Diferencias entre gripe y resfriado: cómo distinguirlos

Conoce las diferencias entre gripe y resfriado, sus síntomas y tratamientos para cuidar tu salud en otoño e invierno.

Diferencias entre gripe y resfriado: cómo distinguirlos

Con la llegada del otoño y el invierno, las consultas médicas se llenan de pacientes con síntomas respiratorios. En muchas ocasiones, la primera duda que surge es: ¿estoy pasando un resfriado o tengo la gripe? Aunque ambas son infecciones respiratorias causadas por virus y comparten algunos síntomas, se trata de enfermedades diferentes con agentes causales distintos, una gravedad desigual y un manejo que puede variar considerablemente. Saber distinguirlas no solo es útil para entender qué nos ocurre, sino que tiene implicaciones prácticas para el tratamiento, la prevención del contagio y la identificación de posibles complicaciones. En este artículo analizaremos en profundidad las diferencias entre gripe y resfriado.

Agentes causales: virus diferentes

El resfriado común

El resfriado puede ser causado por más de 200 tipos de virus diferentes.
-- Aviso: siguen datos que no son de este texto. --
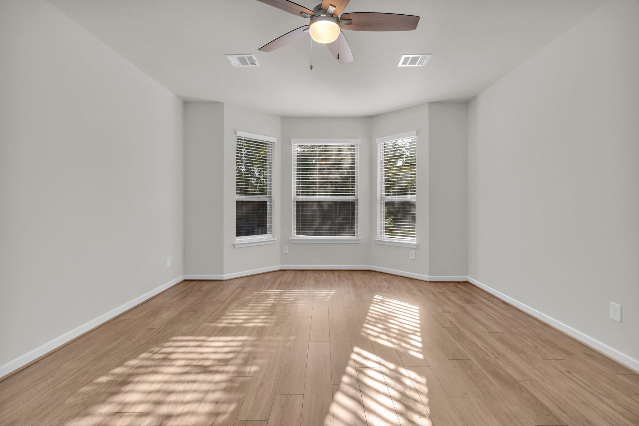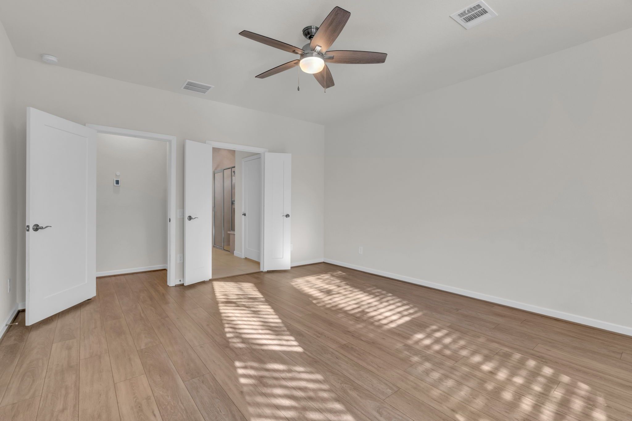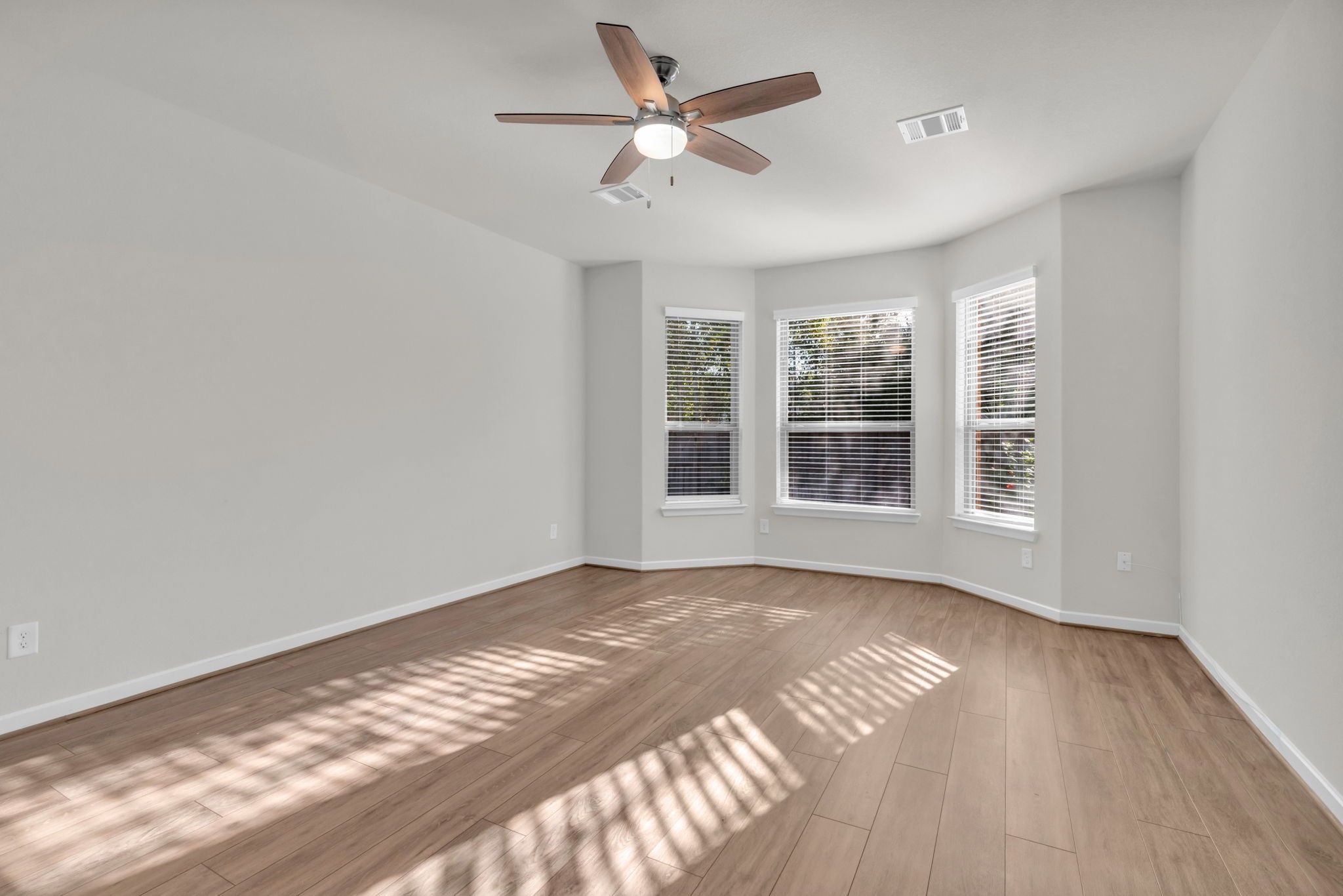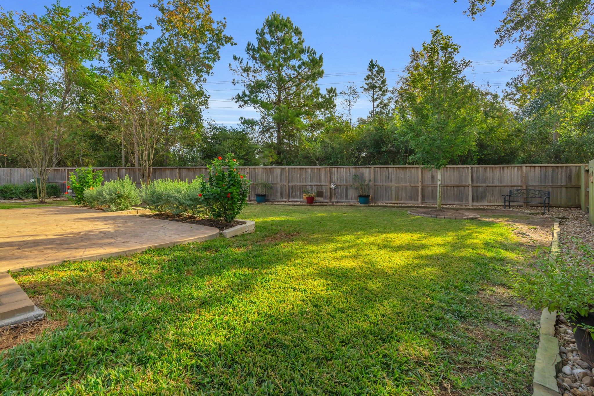 Reduced!! Resort-style living in Bonterra at Woodforest, a premier 55+ active adult community. This beautiful home offers three bedrooms with study, with both the primary suite and one secondary bedroom with ensuite baths perfect for guests. Throughout the home, luxury vinyl plank flooring provides beauty and easy maintenance. The chef-inspired kitchen showcases a free-standing quartz island, wire-rack pull-out in lower cabinets, along with a refrigerator with craft ice maker.The neutral interior flows into the screened-in patio and extended stamped-concrete outdoors, ideal for relaxing or entertaining. The backyard has a peaceful green space with no rear neighbors, and three newly planted trees.This home also offers a whole-house generator, whole-house water softener system, a garage with upgrades including a 5-foot side extension, a 4-foot length extension, and overhead storage racks. Custom wire-rack shelving is also installed in the front bedroom closet for added organization.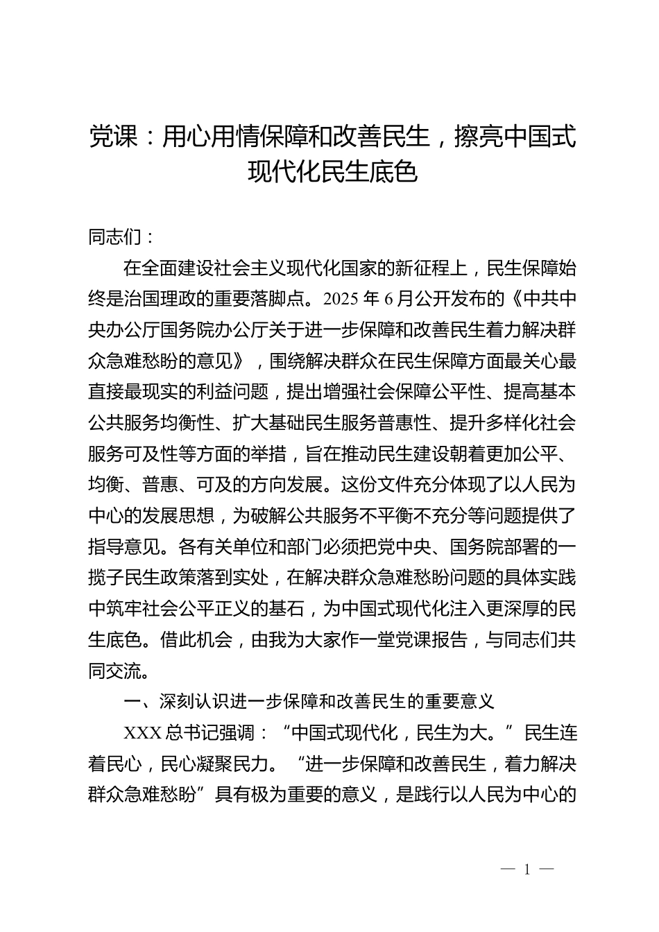 黨課:用心用情保障和改善民生,擦亮中國式現(xiàn)代化民生底色同志們:在全面建設(shè)社會主義現(xiàn)代化國家的新征程上,民生保障始終是治國理政的重要落腳點。2025年6月公開發(fā)布的《中共中央辦公廳國務(wù)院辦公廳關(guān)于進一步保障和改善民生著力解決群眾急難愁盼的意見》,圍繞解決群眾在民生保障方面最關(guān)心最直接最現(xiàn)實的利益問題,提出增強社會保障公平性、提高基本公共服務(wù)均衡性、擴大基礎(chǔ)民生服務(wù)普惠性、提升多樣化社會服務(wù)可及性等方面的舉措,旨在推動民生建設(shè)朝著更加公平、均衡、普惠、可及的方向發(fā)展。這份文件充分體現(xiàn)了以人民為中心的發(fā)展思想,為破解公共服務(wù)不平衡不充...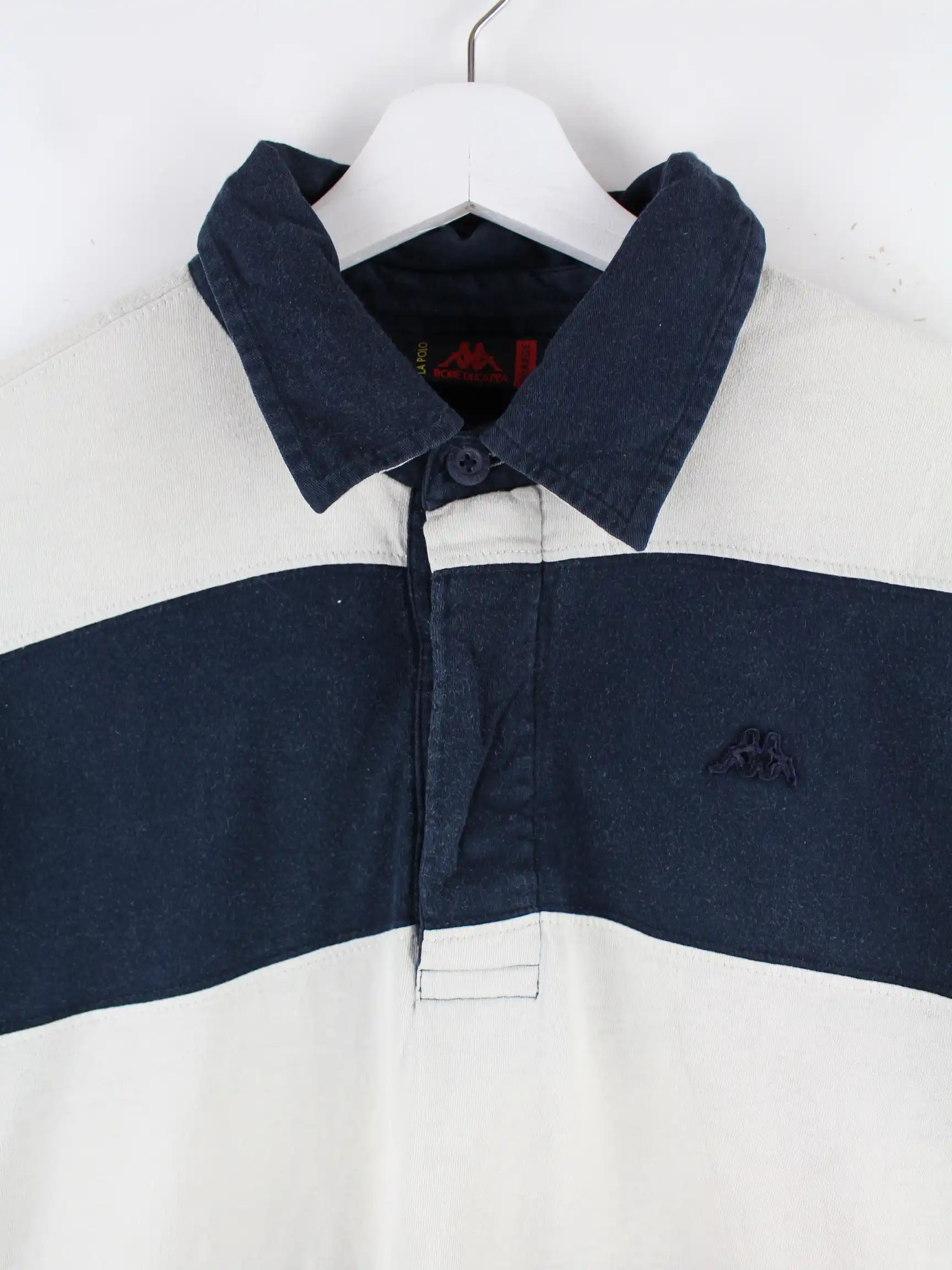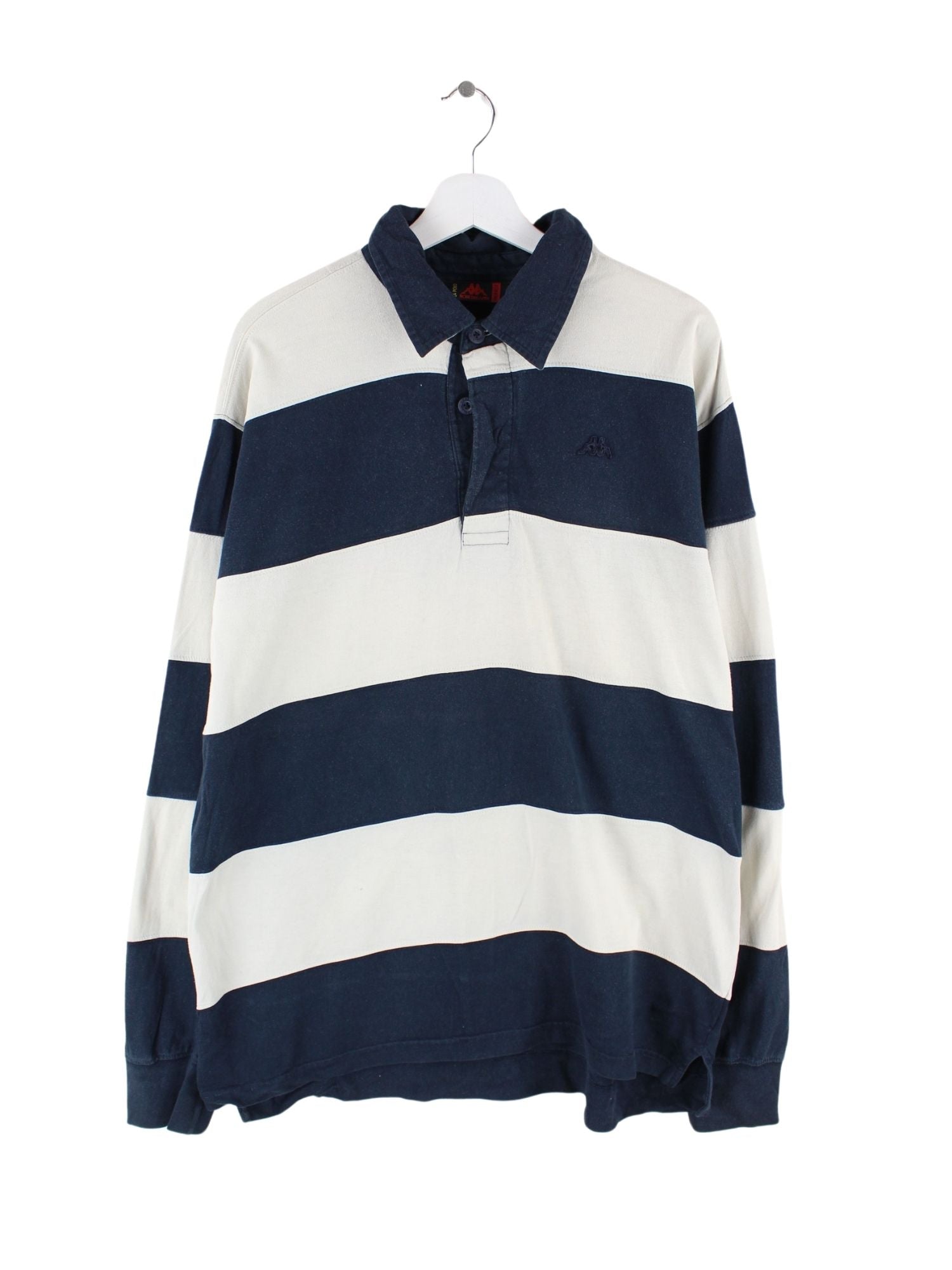 Poloshirt vom Label Kappa in Größe XXL. Es ist aus Baumwolle gefertigt und in Blau vorrätig.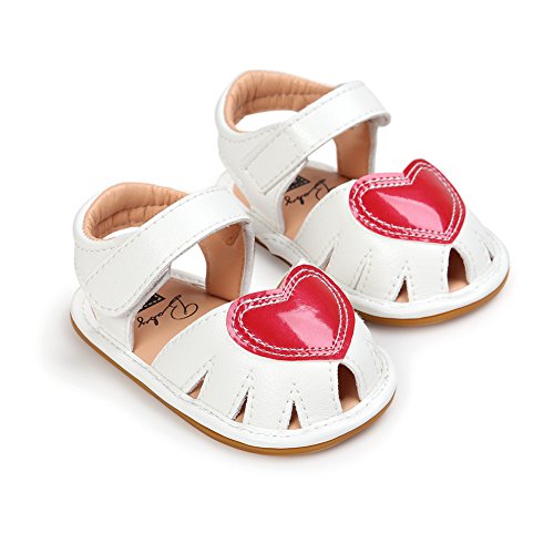 PUERI ファーストシューズ 赤ちゃん靴 ベビーシューズ ベビーサンダル 可愛い ソフト 滑り止め 歩行練習に対応 0-18ヶ月に対応 (S, ホワイト)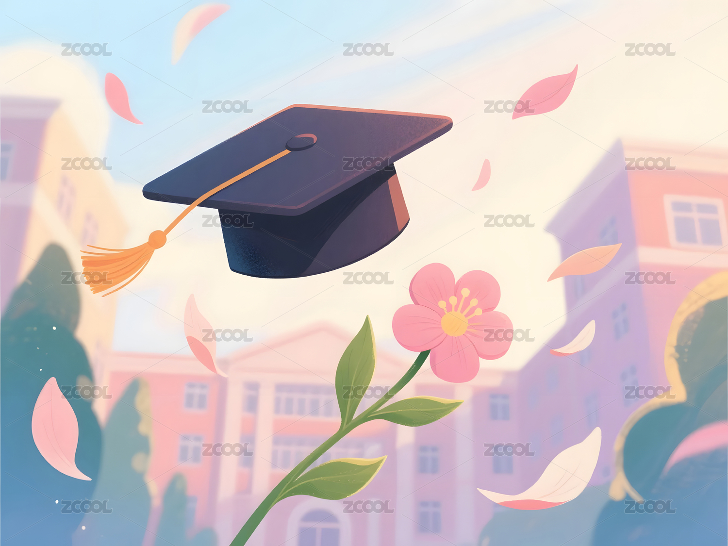 梦幻唯美毕业季毕业旅行五四青年节场景插图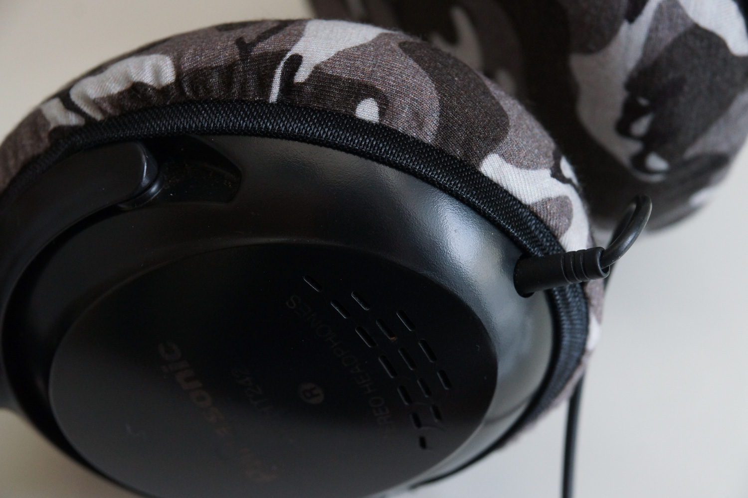 本カバーは縦と横で伸縮率に違いがあり、縦の方が伸びが良いという特性があります。本ヘッドホンは縦長のイヤーパッドなので、カバーも縦方向(よく伸びる方向)になるように、向きを揃えて装着する方が、装着感が良くなります。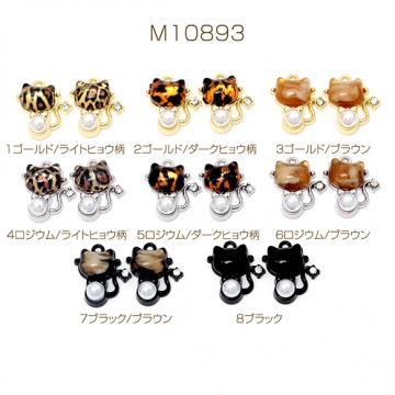 メタルチャーム 猫 キャット パール付き 合金製 約16×18mm(2ヶ)
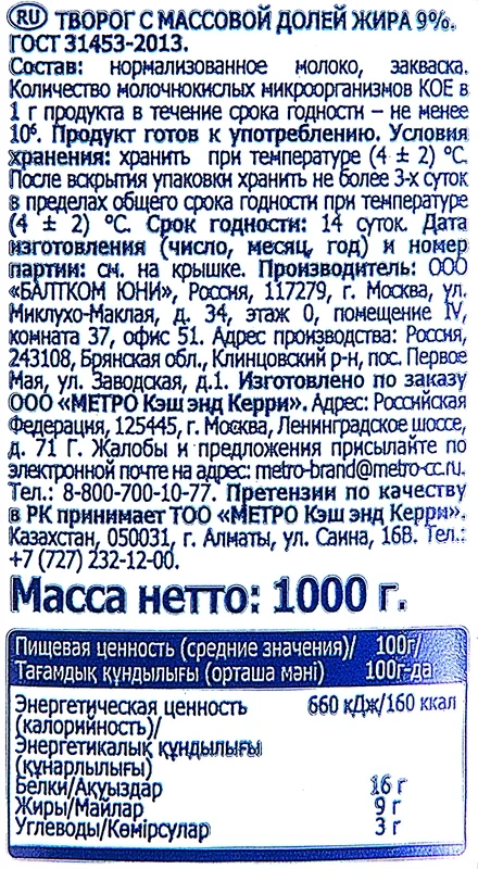 Творог Metro Chef 9% весом 1 кг – полезный и вкусный кисломолочный продукт. Обладает сбалансированным, нежным вкусом, зернисто текстурой и отсутствием яркого кислого послевкусия. Изготавливается из натурального коровьего молока по старинным рецептам, прекрасно сочетается с разными продуктами. В кулинарных рецептах многих стран и народов существует огромное количество блюд, приготовленных из творога. Для российского человека – это ватрушки, вареники, пироги, сырники и многие другие. У народов Кавказа творог больше используется в подсоленном виде в сочетании с разнообразными специями и зеленью. С ним готовят разнообразные салаты, закуски, лепешки.

Los más frecuentes son los rinovirus (responsables del 30-50 % de los resfriados), seguidos por los coronavirus humanos estacionales (no confundir con el SARS-CoV-2), los virus parainfluenza, los adenovirus y el virus respiratorio sincitial (VRS). Esta enorme variedad de agentes explica por qué podemos resfriarnos varias veces al año: el organismo no puede generar inmunidad duradera frente a todos ellos.

La gripe

La gripe está causada exclusivamente por los virus Influenza, de los que existen tres tipos que afectan al ser humano: Influenza A (el más variable y responsable de las pandemias), Influenza B (causa epidemias estacionales más leves) e Influenza C (provoca cuadros leves, similares al resfriado). Cada año, los virus Influenza A y B mutan ligeramente (deriva antigénica), lo que obliga a actualizar la composición de la vacuna anual de la gripe.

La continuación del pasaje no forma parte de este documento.